Provided entries START

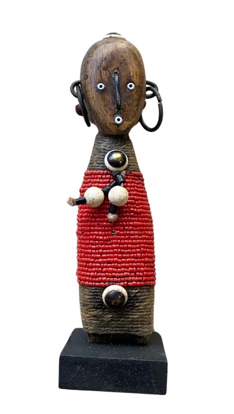 Wooden beaded Namji dolls from West Africa - Red.
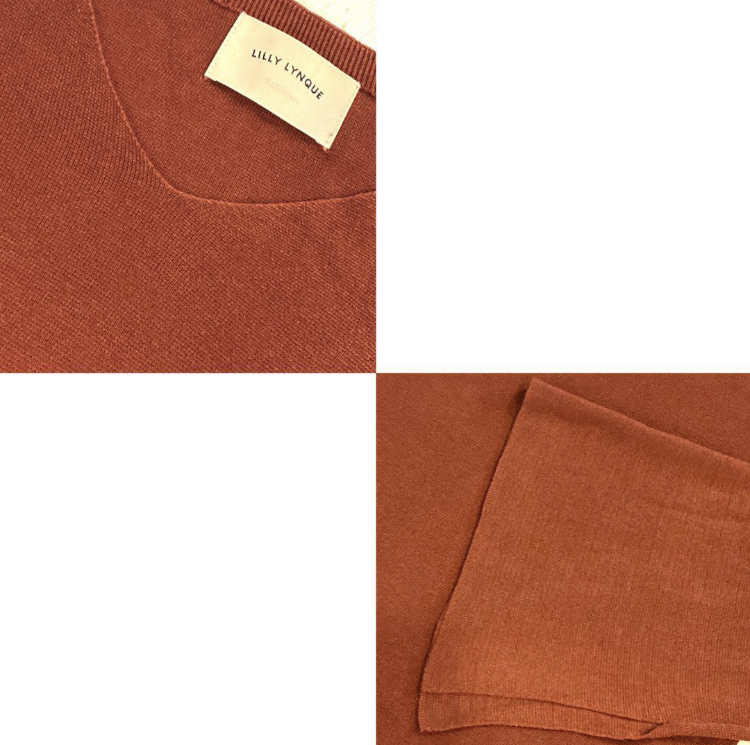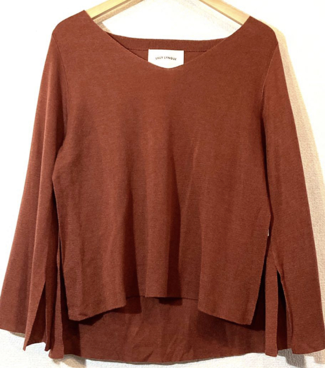 赤みがかったブラウンカラーのニットで、裁断の入ったスタイリッシュなデザインになっています。
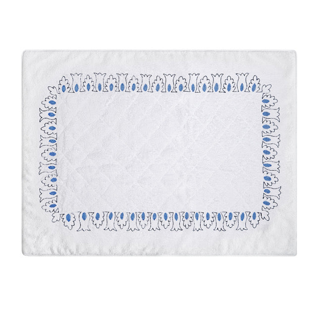 CLASSIC FLOWER AND QUILTED DIAMOND TERRY CLOTH BATH MAT - BLUE / NAVY
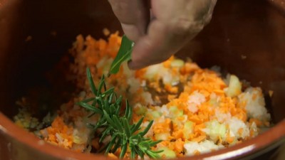 Quando le verdure hanno preso bene calore aggiungi anche il rosmarino e la foglia d'alloro, lascia soffriggere fino a che le verdure non saranno appassite e poi aggiungi la pancetta tagliata a cubetti grossolani. Cuoci fino a che il grasso della pancetta non sarà diventato trasparente. aggiungi anche la carne macinata e cuoci fino a che non avrà cambiato colore.
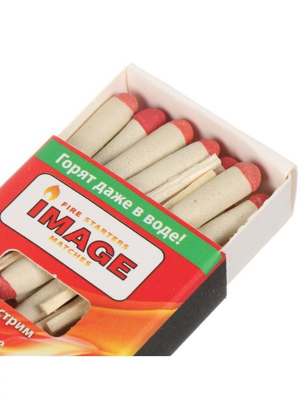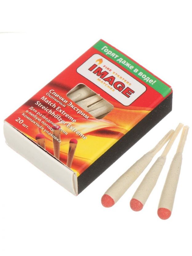 Откройте для себя спички охотничие Image, которые идеально подойдут для экстремальных условий. Эти спички длиной 43 мм обеспечат надежное зажигание в любых ситуациях. Упаковка содержит 20 штук, что делает их удобными для длительных путешествий и охоты.

Provided entries END

→ **Work to complete**:
Each line of the listing is to be retyped exactly, and its pictures are to be dropped.

→ **Answer for this exercise**:
 Wooden beaded Namji dolls from West Africa - Red.
 赤みがかったブラウンカラーのニットで、裁断の入ったスタイリッシュなデザインになっています。
 CLASSIC FLOWER AND QUILTED DIAMOND TERRY CLOTH BATH MAT - BLUE / NAVY
 Quando le verdure hanno preso bene calore aggiungi anche il rosmarino e la foglia d'alloro, lascia soffriggere fino a che le verdure non saranno appassite e poi aggiungi la pancetta tagliata a cubetti grossolani. Cuoci fino a che il grasso della pancetta non sarà diventato trasparente. aggiungi anche la carne macinata e cuoci fino a che non avrà cambiato colore.
 Откройте для себя спички охотничие Image, которые идеально подойдут для экстремальных условий. Эти спички длиной 43 мм обеспечат надежное зажигание в любых ситуациях. Упаковка содержит 20 штук, что делает их удобными для длительных путешествий и охоты.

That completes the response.